Billy Budd : NATHAN GUNN*
Captain Vere : KIM BEGLEY
Claggart : SAMUEL RAMEY
Redburn : RICHARD STILWELL
Flint : STEPHEN WEST
Ratcliffe : MICHAEL DEVLIN
Squeak : DAVID CANGELOSI (pas mal du tout)
Red Whiskers : NEIL JENKINS*
Novice : JOHN McVEIGH* (encore mieux)
Dansker : KEVIN LANGAN
Donald : DALE TRAVIS

 


À VOILE ET A VAPEUR

Après le peep-show zambellesque de Bastille, la nouvelle production du Lyric Opera de Chicago laisserera des regrets aux voyeurs lyricomanes : autant vous le dire tout de suite, tout le monde reste habillé et Budd n'exhibera sa poitrine qu'un court moment à l'acte I et enchaîné à l'acte II.

De ce point de vue, la production parisienne frisait le contresens : Vere n'est pas amoureux d'un Billy bodybuildé (des marins musclés, il n'y a que ça sur un navire) ni Claggart jaloux d'une belle musculature. Certes, Billy n'est pas un gringalet (il tue Claggart d'un seul coup de poing), mais sa beauté est d'abord angélique, et autant intérieure qu'extérieure.

À cet égard, le physique de beau ténébreux de Nathan Gunn ne correspond guère au rôle (c'est quand même pas aussi dramatique qu'un Fabio Sartori en Duc séducteur).

Vocalement, son premier acte est un peu terne. Le second est en revanche magnifique, culminant dans le monologue de Bill enchaîné (tenue vestimentaire déjà évoquée, éclairages plongeants), d'une intense émotion.
Contrairement au "Guerre et Paix" de Bastille (qui m'avait fait penser : "quel dommage que d'aussi gros pectoraux cachent d'aussi petits poumons"), la voix passe aisément l'orchestre.

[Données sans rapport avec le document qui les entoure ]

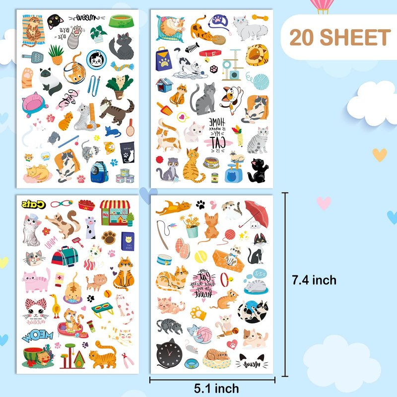 - 1.Cute Cat Tattoos for Kids:Package contains 20 sheets animal theme temporary tattoos for kids, with 4 different sheets, each for 5. Enough quantities to meet of your needs and share with family and friends. Add a touch of colorful to your arms,legs, face and other body parts with our cute cat tattoos.

À ses côtés, Samuel Ramey peine à trouver ses marques en Claggart : bridé dans cet histrionisme qui fait merveille dans toute sorte de Méphisto(s), le Grand Sam se limite à interpréter un Scarpia de bateau-lavoir. Heureusement, la voix sait se colorer magnifiquement, atteignant un noir absolu dans les phrases les plus maléfiques. Pour les fans pour qui ce point constitue un baromètre importan : pas de vibrato exagéré.

Déjà entendu à Paris, Kim Begley est un Vere encore plus bouleversant qu'à Bastille, même si son timbre nasal n'est pas des plus agréables.

Tous les seconds rôles sont magnifiquement chantés et joués (une habitude aux US décidément) et les choeurs sont de grande qualité.

Ni traditionnelle ni ultra-moderne, la production est avant tout efficace : la scène finale de Vere, vieillard vêtu de haillons, est un sommet d'émotion; petit à petit, le cadavre de Bill pendu se détache de l'obscurité ; puis Vere tombe inanimé alors que le noir absolu tombe soudainement sur la scène.

Enfin, la superbe direction de Soeur Andrew Davis vient couronner le tout, et renvoie le pauvre Gary Bertini aux oubliettes.